HMRC has issued guidance for taxpayers affected by the loan charge and who are now being contacted by third parties demanding repayment, in most cases because the original provider sold the outstanding amount to a third party
It may be that the third party is not aware that income tax on the loans has been, or will be, paid (either by agreeing settlement or via the loan charge). In either case the individual will be of the firm opinion that the loan repayments are no longer due and it is important for the taxpayer to check that the loan is repayable by checking the loan agreement and subsequent correspondence, and contacting the original provider. Where there is no evidence that payments were ever intended to be made there may be a case to contact the Financial Ombudsman.
HMRC have stated that ‘The government is unable to intervene in a dispute between two private parties over loan contracts. Any such dispute should be resolved through the courts in the normal way without government interference.’
HMRC have also warned that schemes purportedly circumventing the loan charge are continuing to be promoted and has reiterated their stance that these schemes do not work.
Research and Development (R&D)
Historically HMRC have taken a haphazard approach towards error and fraud in R&D claims, however they have started to challenge a number of claims for customer-led R&D, on the basis that the underlying activities are being subsidised by the claiming company’s customers.

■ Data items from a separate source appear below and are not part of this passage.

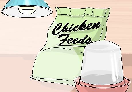 Acquire the necessary equipment to care for chickens. When caring for chickens, you’ll need to have the right feeding equipment, bedding supplies, and extra items to go in their coop. Purchase feed and water containers. You can use tubs or bowls as your chickens’ feed and water containers, or you can buy or make a feeder and drinker. If you’re planning on breeding your chickens, you’ll want to keep a drinker since it will lessen the chance of chicks drowning. Stock up on extra bedding. You can never have enough extra bedding material, since you will be disposing of the used bedding every time you clean the coop. Get a heat lamp if necessary. If you plan on breeding your hens or if it gets quite cold during winter in your area, you’ll have to invest in a heat lamp to keep your chicks and chickens warm.
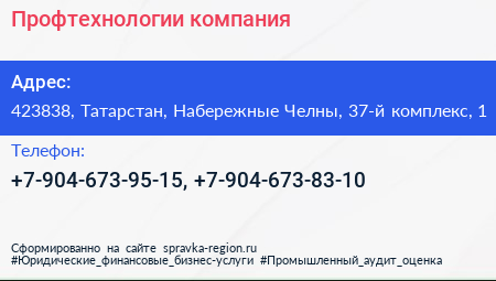 Профтехнологии, компания по адресу 423838, Татарстан, Набережные Челны, 37-й комплекс, 1 в дальнейшем Организация, размещена в следующих категориях:
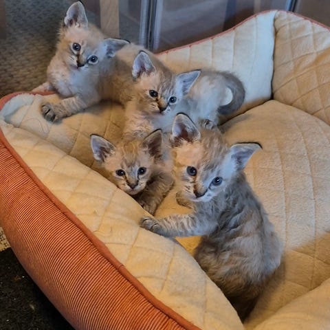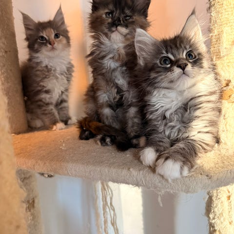 Den svartvita (Måns) och svart tabby (Aston) är två pojkar födda 16 februari 2026, medans den blåa (Leah) är en liten tjej som föddes en dag före sina bröder, alltså den 15 februari 2026.
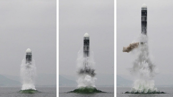 Triều Tiên thử nghiệm tên lửa đạn đạo phóng từ tàu ngầm Pukkuksong-3. Ảnh Military Watch
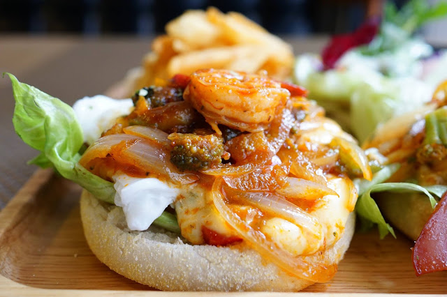 ▲將「蝦仁、洋蔥、花椰菜、紅椒、黃椒」和辣醬炒過之後,放在疊好的「英式瑪芬、生菜、火腿、水波蛋」上面之後,「辣蟹蝦仁班尼迪克」就完成了。
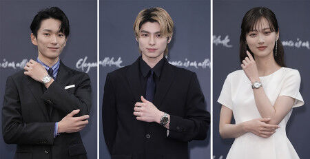 | 「ロンジン アーカイブ展」開催 スイスの時計メーカー・ロンジンが開催した展覧会「ロンジン アーカイブ展~時を紡ぐウォッチメイキングの軌跡~」の発表記念イベントに登壇した(左から)坂井瑠星さん、本田響矢さん、山下美月さん=2日、都内 (出典:時事通信) |

While some companies will undertake R&D work with the future hope of being able to sell these profitably, it is more likely that most will seek to engage with customers as early as possible in order to manage cash flow and commercial risk. Unfortunately, it appears that this may cause problems with HMRC’s interpretation of the legislation and any subsequent R&D claims.
Should HMRC’s revised approach be applied more broadly, it would not only significantly narrow the scope of R&D tax relief, but also create unintended policy outcomes.
We would therefore advise any businesses that entered into an R&D contract review their claim(s) as soon as possible to ensure they are robust in the event of challenge by HMRC once updated guidance is published.